• **MATERIAL PROVIDED**

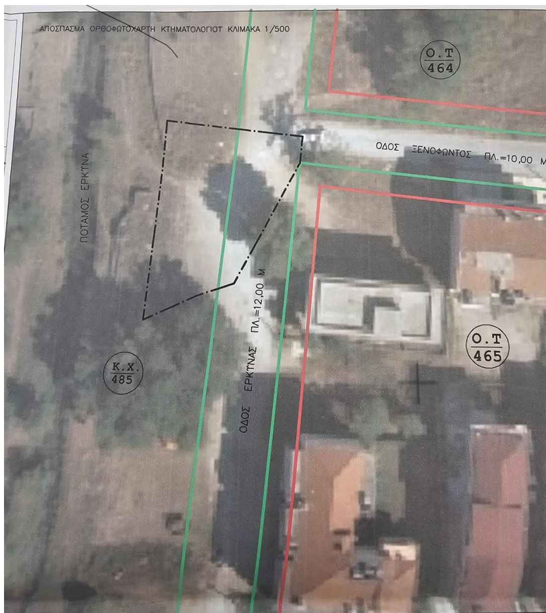
Εντοπισμένη η θέση της ιδιοκτησία Αρ. Αγραφιωτη

Κατόπιν των παραπάνω και επειδή παρήλθε χρονικό διάστημα 52 ετών στο εν λόγω ακίνητο δεν συντελέστηκε η απαλλοτρίωση οπότε και η ενδιαφερόμενη με αίτησή της ξεκίνησε τις νόμιμες διαδικασίες συντέλεσης της. Για το σκοπό αυτό εκδόθηκε η 1/2015 πράξη αναλογισμού, με την οποία ρυθμίστηκαν οι υποχρεώσεις αποζημίωσης τόσο του Δήμου μας όσο και των παρόδιων τρίτων προς τους δικαιούχους ιδιοκτήτες των ρυμοτομούμενων οικοπέδων τους που έχουν καθοριστεί από το εγκεκριμένο ρυμοτομικό σχέδιο ως αμιγώς κοινόχρηστοι χώροι μεταξύ αυτών και η ιδιοκτησία της ενδιαφερόμενης. Η τελευταία πράξη κυρώθηκε με την υπ' αριθμ. 2526/8-09-2015 Απόφαση του Αντιπεριφερειάρχη Στ. Ελλάδας κατά της οποίας δεν ασκήθηκε ουδεμία ένσταση εντός του εύλογου εκ του νόμου χρονικού διαστήματος των 15 ημερών οπότε και εκδόθηκε η υπ' αριθμ. Οικ1437/4-11-2015 βεβαίωση τελεσιδικίας. Στη συνέχεια η διαδικασία συντέλεσης της εν λόγω πράξης συνεχίστηκε με την προσωρινή απόφαση καθορισμού της αποζημίωσης, η οποία εκδόθηκε από το Μονομελές Εφετείο Λαμίας και ήταν η 25/2018 απόφαση.
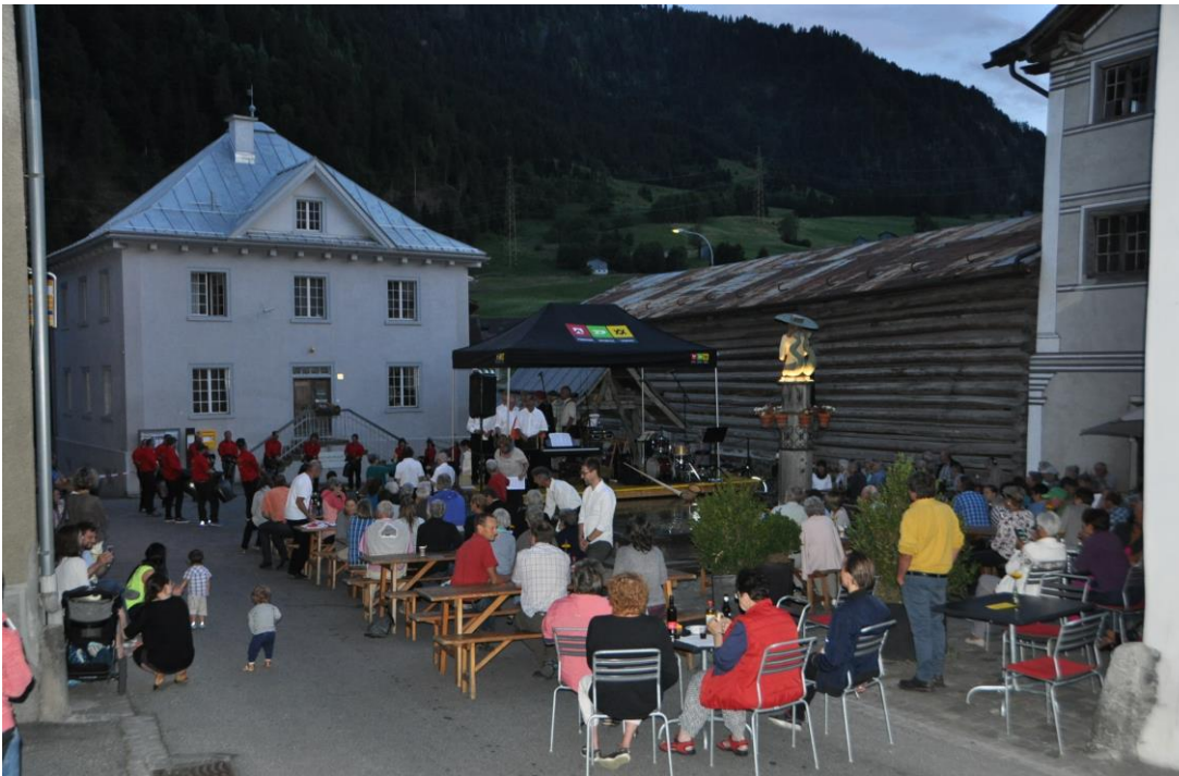
Das Brunnenfest auf dem historischen Dorfplatz ist immer wieder ein besonderes Erlebnis

• **REQUIRED WORK**
Drop every image, please, and write out the data above exactly as shown.

• **WRITTEN SOLUTION**
Εντοπισμένη η θέση της ιδιοκτησία Αρ. Αγραφιωτη

Κατόπιν των παραπάνω και επειδή παρήλθε χρονικό διάστημα 52 ετών στο εν λόγω ακίνητο δεν συντελέστηκε η απαλλοτρίωση οπότε και η ενδιαφερόμενη με αίτησή της ξεκίνησε τις νόμιμες διαδικασίες συντέλεσης της. Για το σκοπό αυτό εκδόθηκε η 1/2015 πράξη αναλογισμού, με την οποία ρυθμίστηκαν οι υποχρεώσεις αποζημίωσης τόσο του Δήμου μας όσο και των παρόδιων τρίτων προς τους δικαιούχους ιδιοκτήτες των ρυμοτομούμενων οικοπέδων τους που έχουν καθοριστεί από το εγκεκριμένο ρυμοτομικό σχέδιο ως αμιγώς κοινόχρηστοι χώροι μεταξύ αυτών και η ιδιοκτησία της ενδιαφερόμενης. Η τελευταία πράξη κυρώθηκε με την υπ' αριθμ. 2526/8-09-2015 Απόφαση του Αντιπεριφερειάρχη Στ. Ελλάδας κατά της οποίας δεν ασκήθηκε ουδεμία ένσταση εντός του εύλογου εκ του νόμου χρονικού διαστήματος των 15 ημερών οπότε και εκδόθηκε η υπ' αριθμ. Οικ1437/4-11-2015 βεβαίωση τελεσιδικίας. Στη συνέχεια η διαδικασία συντέλεσης της εν λόγω πράξης συνεχίστηκε με την προσωρινή απόφαση καθορισμού της αποζημίωσης, η οποία εκδόθηκε από το Μονομελές Εφετείο Λαμίας και ήταν η 25/2018 απόφαση.
Das Brunnenfest auf dem historischen Dorfplatz ist immer wieder ein besonderes Erlebnis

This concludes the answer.